Let $F(x, y)=\frac{-(x-y)}{x+y}$.

$\therefore F(\lambda x, \lambda y)=\frac{-(\lambda x-\lambda y)}{\lambda x-\lambda y}=\frac{-(x-y)}{x+y}=\lambda^{0} \cdot F(x, y)$

Therefore, the given differential equation is a homogeneous equation.

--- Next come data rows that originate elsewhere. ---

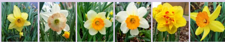
CARLTON PINK CHARM BARRETT BROWNING SLIM WHITMAN TAHITI SUADA

ORDERS WILL BE AVAILABLE FOR PICK UP AT THE FOREST PARK GREENHOUSE ON FRIDAY, OCT. 13 FROM 11:00 a.m. to 6:00 p.m. & SATURDAY, OCT. 14 FROM 9:00 a.m. to 1:00 p.m.
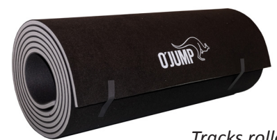
Tracks rolled, space saving

Thanks to the O'JUMP tracks, you can now create a training area dedicated to learning gymnastics, urban gymnastics, cheerleading or circus.
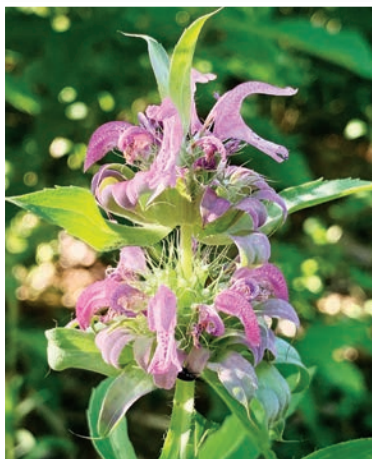
Lemon Beebalm, Mondarda citiodora

To solve it, we make the substitution as:

vx

$\Rightarrow \frac{d}{d x}(y)=\frac{d}{d x}(v x)$

$\Rightarrow \frac{d y}{d x}=v+x \frac{d v}{d x}$

Substituting the values of $y$ and $\frac{d y}{d x}$ in equation $(1)$, we get:

$v+x \frac{d v}{d x}=\frac{-(x-v x)}{x+v x}$

$\Rightarrow v+x \frac{d v}{d x}=\frac{v-1}{v+1}$

$\Rightarrow x \frac{d v}{d x}=\frac{v-1}{v+1}-v=\frac{v-1-v(v+1)}{v+1}$

$\Rightarrow x \frac{d v}{d x}=\frac{v-1-v^{2}-v}{v+1}=\frac{-\left(1+v^{2}\right)}{v+1}$

$\Rightarrow \frac{(v+1)}{1+v^{2}} d v=-\frac{d x}{x}$

$\Rightarrow\left[\frac{v}{1+v^{2}}+\frac{1}{1+v^{2}}\right] d v=-\frac{d x}{x}$

Integrating both sides, we get:

$\frac{1}{2} \log \left(1+v^{2}\right)+\tan ^{-1} v=-\log x+k$

$\Rightarrow \log \left(1+v^{2}\right)+2 \tan ^{-1} v=-2 \log x+2 k$

$\Rightarrow \log \left[\left(1+v^{2}\right) \cdot x^{2}\right]+2 \tan ^{-1} v=2 k$

$\Rightarrow \log \left[\left(1+\frac{y^{2}}{x^{2}}\right) \cdot x^{2}\right]+2 \tan ^{-1} \frac{y}{x}=2 k$

$\Rightarrow \log \left(x^{2}+y^{2}\right)+2 \tan ^{-1} \frac{y}{x}=2 k$           ...(2)

Now, $y=1$ at $x=1$.

$\Rightarrow \log 2+2 \tan ^{-1} 1=2 k$

$\Rightarrow \log 2+2 \times \frac{\pi}{4}=2 k$

$\Rightarrow \frac{\pi}{2}+\log 2=2 k$

Substituting the value of $2 k$ in equation (2), we get:

$\log \left(x^{2}+y^{2}\right)+2 \tan ^{-1}\left(\frac{y}{x}\right)=\frac{\pi}{2}+\log 2$

This is the required solution of the given differential equation.